経験によれば、リーダーシップの最初の基本特質はポジティブなエネルギーだ。第二はエナジャイズ、まわりの人にエネルギーを吹きこむ能力。第三はエッジ、つまり決断力だ。第四は実行能力だ。最後の第五はパッション、情熱だ。

もうおわかりかもしれないが、ポジティブなエネルギー、そして周囲の人にエネルギーを吹きこむ能力は、基本的にはパーソナリティの問題だ。同様に情熱も天性のものだと思う。だが、決断力と実行能力は別物だ。なぜなら決断力も実行能力もかなりの部分、自信によってもたらされるからだ。

 

☑初めてリーダーになった人へ

リーダーになるということは、すべてが変化するということだ。

リーダーになるまえ、成功とは、自分自身を成長させることだった。あなたが達成したこと。あなたの業績・・。リーダーになると他人を成長させることになる。あなたの下で働く人たちをそれまで以上に賢く、大きく、大胆にさせることだ。あらゆる機会をとらえてフィードバックを与えること、人事考課面談だけではなく、会議のあとプレゼンのあと顧客訪問のあとに彼らがどうだったか話してあげることだ。何をしたのがよかったのか、どうすれば改善できるのか、素直にストレートに接すること。それが有能なリーダーに共通する特質の一つでもある。

 

☑会社を変えるには勇気がいる

たとえあなたの計画が「出る杭」とみなされるような会社で働いているとしても、あきらめちゃいけない。もっと賢く動けばいい。

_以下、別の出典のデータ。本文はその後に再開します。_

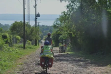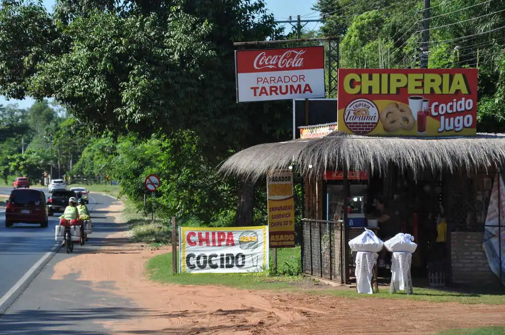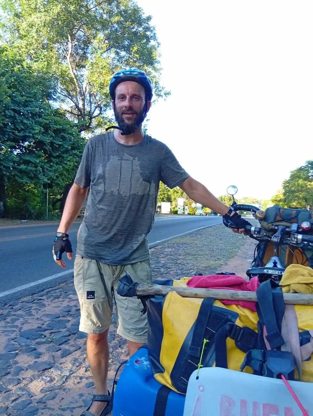 Nous avons visé une toute petite frontière. Après avoir passé l’office de migration côté argentin, c’est un petit bac qui nous attend pour traverser le fleuve Paraguay qui marque la frontière entre le pays éponyme et l’Argentine. Sur l’eau, le soleil tape fort, il y a peu d’air. Après y avoir débarqué, l’entrée au Paraguay se passe sans encombre. Les premières personnes à qui nous avons à faire sont souriantes et très aimables. Tout le monde nous souhaite la bienvenue avec un enthousiasme sincère. Ça change de certaines frontières où les gens tirent un peu la tronche ! Entre le port et notre point de chute, il nous faut pédaler en ville encore une quinzaine de kilomètres, et là c’est dur, la chaleur nous écrase et nous transpirons à grosses gouttes. Dans le premier quartier traversé, nos repères sont bousculés. Tout en restant attentifs, il nous faut étouffer cette petite voix d’européens privilégiés dans notre tête qui nous dit : « Hou là là, c’est pas fou ici, les trottoirs sont défoncés, les rues aussi, les maisons sont de bric et de broc, ça craint non ? ». Mais les gens sont tous souriants. Contrairement à certains endroits où nous avons pu passer précédemment et où les gens nous mettaient en garde, ici, tout le monde nous souhaite la bienvenue. Puis sans transition, nous entrons dans un quartier ultra-privilégié avec golf et yacht-club, et, ce qui nous frappe le plus, d’énormes villas… sans aucune clôture. Généralement, dans les autres pays d’Amérique du Sud que nous connaissons, même les maisons modestes sont souvent entourées de hautes clôtures, si possible avec barbelés, verre pilé, et enfin barreaux à toutes les fenêtres. Ici, beaucoup de maisons n’ont pas de clôtures du tout et des barreaux seulement au rez-de-chaussée. C’est plutôt rassurant.

あなたが変化をもたらそうとしている理由が誰の目にも明らかになるようにすること。上司に何をめざしているのか報告を怠らないこと。あなたの部下に対してはもっとマメに、何を目標としているのか話すこと。そして最後に、常に信念を失わないこと。変化に抵抗する人は必ずいる。だが、結果が見えてくれば、あなたの新しいアプローチが正しいことを立証してくれる・・・・はっきりと。

 

☑自分より優秀な部下

「自分より優秀な」社員のせいであなたが劣って見えて、昇進が遅れるのではないかと不安に思うのは、人間なら自然な気持ちだ。だが、現実には正反対のことが起こると思っていい。その理由は、リーダーは個人の業績のいかんで判断されないからだ。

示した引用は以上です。